ESCLUSIVA Ds Grammatica: "Italia? Ricambio generazionale ci sarà, ma i giovani vanno tutelati. Squadre B sono necessarie"

19.11.2017 15:35 di Redazione FS24 Twitter:    vedi letture
ESCLUSIVA Ds Grammatica: "Italia? Ricambio generazionale ci sarà, ma i giovani vanno tutelati. Squadre B sono necessarie"

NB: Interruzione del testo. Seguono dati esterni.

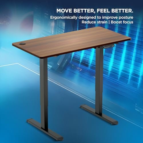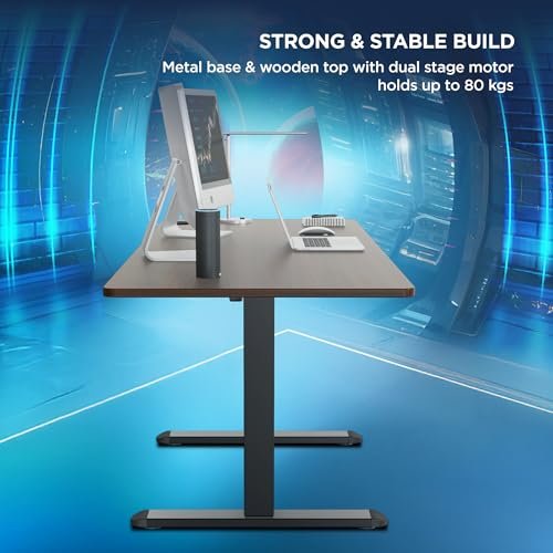 The Sleep Company – Adjustable Desk | Sit-Stand Ergonomic Table | Electric Height Adjustable Desk for Laptop | Work from Home Desk with Memory Preset Controller | 1600 x 700 Top | Wooden & Black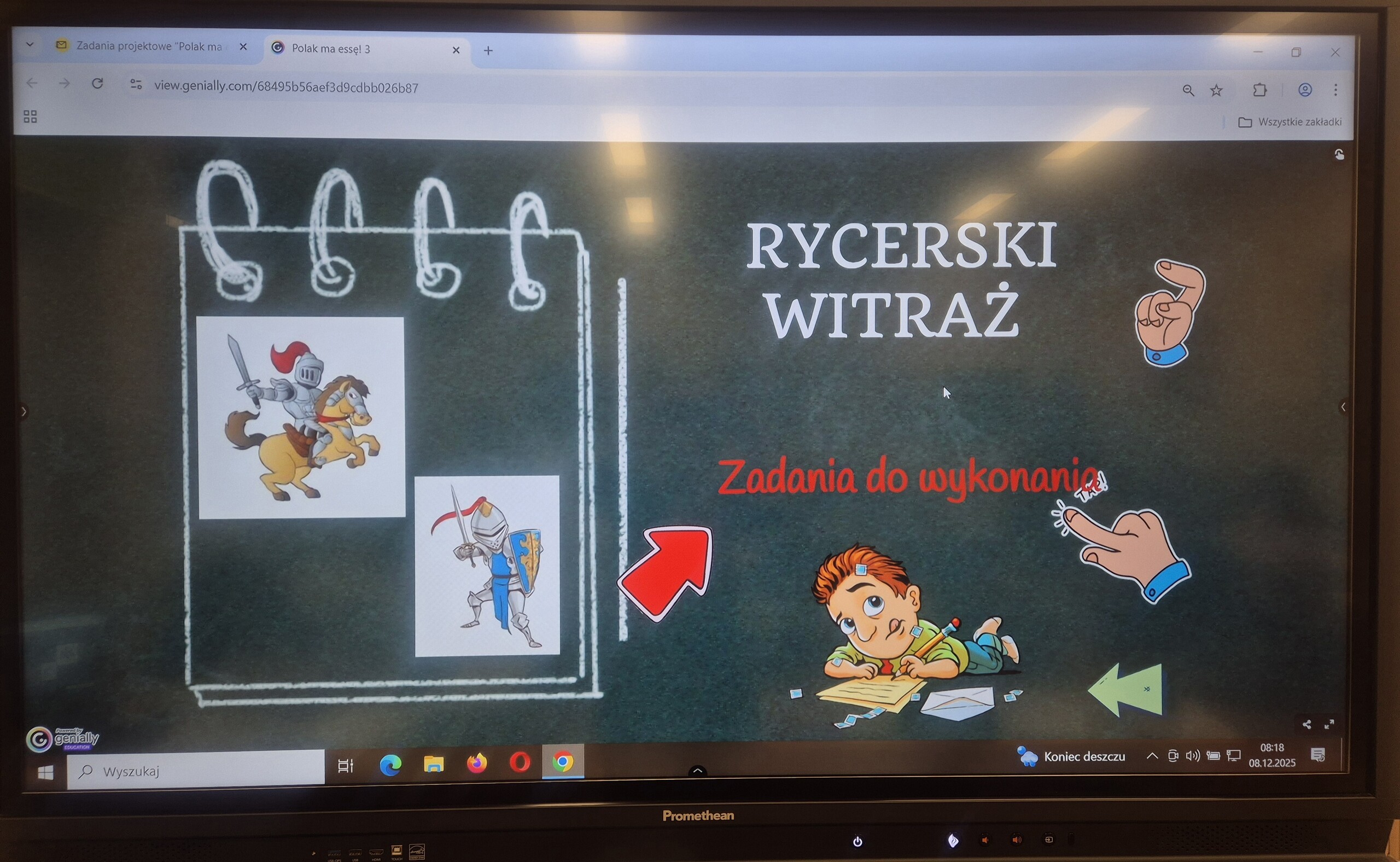 Klasa 5, na lekcji języka polskiego, zrealizowała zadanie w ramach projektu Polak ma essę pt. „Rycerski witraż”. Uczniowie rozpoczęli zajęcia od zapoznania się z krótką prezentacją, zawierającą informacje dotyczące symboliki oraz znaczenia kolorów stosowanych na średniowiecznych witrażach rycerskich.

E' uno dei giovani dirigenti più apprezzati del calcio italiano: Andrea Grammatica, psicologo classe 1978, è stato responsabile scout e poi Ds della Reggiana, ma anche coordinatore dell'area tecnica di Spezia e Virtus Entella.
Ecco la sua intervista a tutto tondo a footballscout24.it

Le difficoltà incontrate nel match con la Svezia non possono essere addossate solo al ct Ventura. Dal mancato ricambio generazionale al blocco juventino fino al presidente Tavecchio. Tanti sul banco degli imputati

“Sicuramente il problema va visto più ad ampio raggio. Ci vorrebbe un tavolo operativo con gli addetti ai lavori preposti a studiare iniziative per costruire le dovute riforme, come avvenne in Germania quando anche loro passarono un decennio negativo come il nostro. Contro la Spagna ci fu un campanello d’allarme che fece riflettere. Spero che chi abbia la reale possibilità di dare un contributo fattivo alla Federazione, lo possa fare indipendentemente dall’esito. Pensare che il problema sia Ventura oppure il rendimento di un singolo significa non capire nulla per l’ennesima volta. Bisogna capire il perché si è arrivati a questo punto. Penso che ogni addetto ai lavori abbia l’obbligo quasi morale di dover dare il proprio contributo, e la Federazione o comunque gli organi preposti a studiare un modello diverso devono coinvolgere quelle che ritengono essere le persone giuste a poter proporre un cambiamento. Ogni Paese ha la sua storia e la sua mentalità, copiare è sbagliato ma è giusto guardare ai casi di chi ci è già passato. Penso che nelle annate a ridosso dei Giovanissimi si veda della qualità, bisogna capire perché poi questa qualità vada man mano svanendo. Il problema è ampio, perché non si gioca più nelle scuole oppure nelle piazze? Perché ci si allena poco?”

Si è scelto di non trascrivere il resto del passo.